SB 628 – This law amends the Notice of Default (“NOD”) that is required to be given by lenders commencing the foreclosure of a trust deed securing the borrower’s primary residence. Here is a quick summary:
- It requires that the NOD advise the borrower of the loan modification process and requires that a modification request form be given to them.
- It requires that the lender evaluate the borrower’s information in a timely manner and process the modification request form in good faith.
- It gives the lender 45 days of receipt to respond.
- It prohibits completion of the foreclosure sale until after the lender has responded to the borrower’s modification request.
- It outlines procedures for the lender to follow if the borrower makes a timely request for a meeting.
- It requires the filing and recording of the lender’s affidavit – on or before the date of the foreclosure sale – describing compliance with these procedures.

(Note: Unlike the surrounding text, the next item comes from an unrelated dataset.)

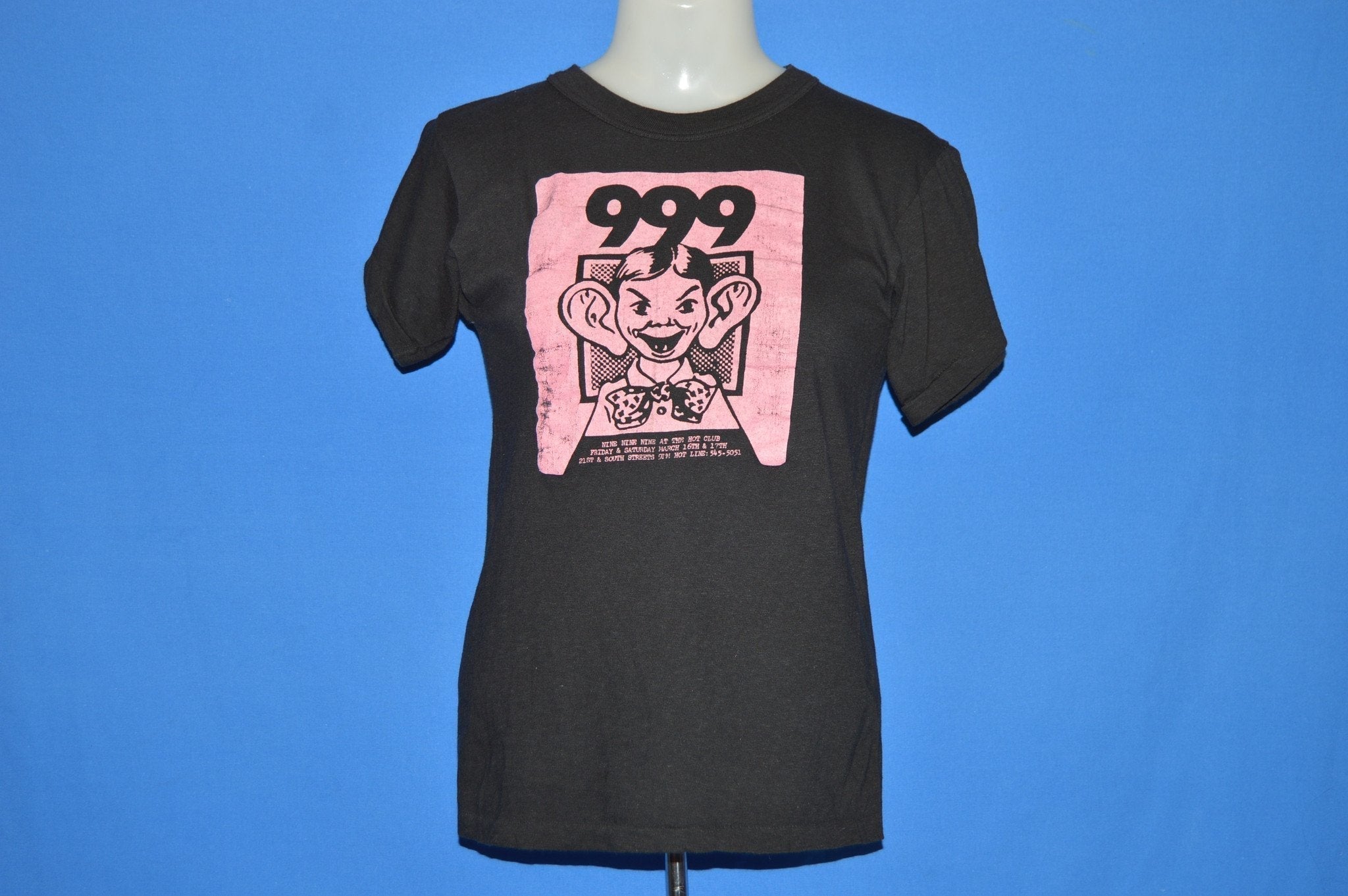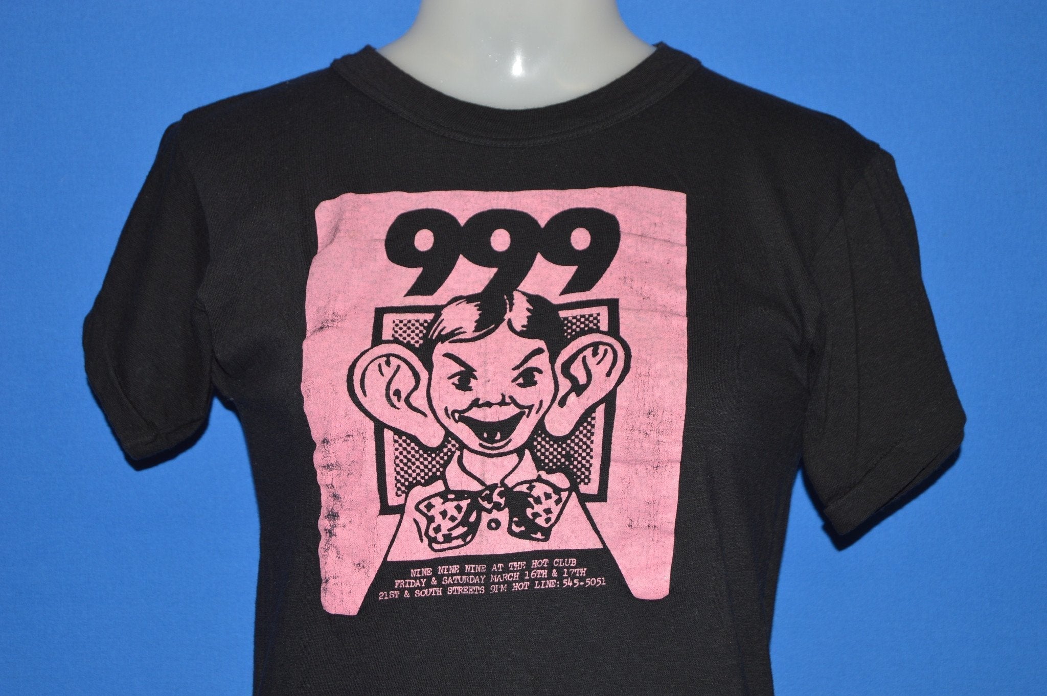 This amazing vintage punk rock shirt is from a performance by the English punk band Nine Nine Nine in Philadelphia, PA. Their appearance was a back-to-back Friday-Saturday show which took place in March of 1984 at the legendary punk scene venue the Hot Club located on 21st and South Street. The 999 lineup included Nick Cash on vocals and guitar, Guy Days on lead guitar, Jon Watson on bass guitar and Pablo LaBrittain on drums. The band had just released their album 13th Floor Madness in November of 1983, and Concrete in April of 1981, both under the Albion Label. It's very likely that this performance included the singles "13th Floor Madness", "Nightshift" and "Arabesque" off of 13th Floor Madness. We were contacted by the artist of the flyer who told us he made this design in 1979.

- It exempts trust deeds that the lender, in good faith, determines are ineligible for loan modification. It does not apply to the foreclosure of properties secured by a trust deed that a government agency holds for loans funded through a government program.
- It is effective on July 30, 2009.1
HB 3004 – This law provides that following the foreclosure of a primary residence, other secured lienholders on the same property may not pursue a deficiency against a borrower on any additional trust deed secured by the property. Thus, foreclosure of a piggyback second mortgage or a subordinated HELOC secured on a principal residence are all exempted from any deficiency judgment. The law does not extend this protection to guarantors of the note and trust deed, but does prohibit actions by the guarantor against the borrower. The bill became effective in August, 2009.2
HB 3656 – Due to confusion about the legal effect of HB 3004, the Oregon legislature, in its 2010 Special Session, re-wrote HB 3004 – which is now better, but not free of questions. As it stands, the Oregon law seems to protect borrowers against promissory note liability on both the first and second promissory note and trust deed – so long as they were taken out at the same time and with the same lender. Unfortunately, in referring to lenders, the Legislature added the words “…or an affiliate.” Thus, today there is a school of thought that if there were different lenders at the time of closing, but the first or second, or both, sold their paper to an “affiliate” the anti-deficiency protection would still apply. While the Legislature had it in their power to define “affiliate” in law, it chose not to – thus leaving it to attorneys to argue the law’s meaning in court.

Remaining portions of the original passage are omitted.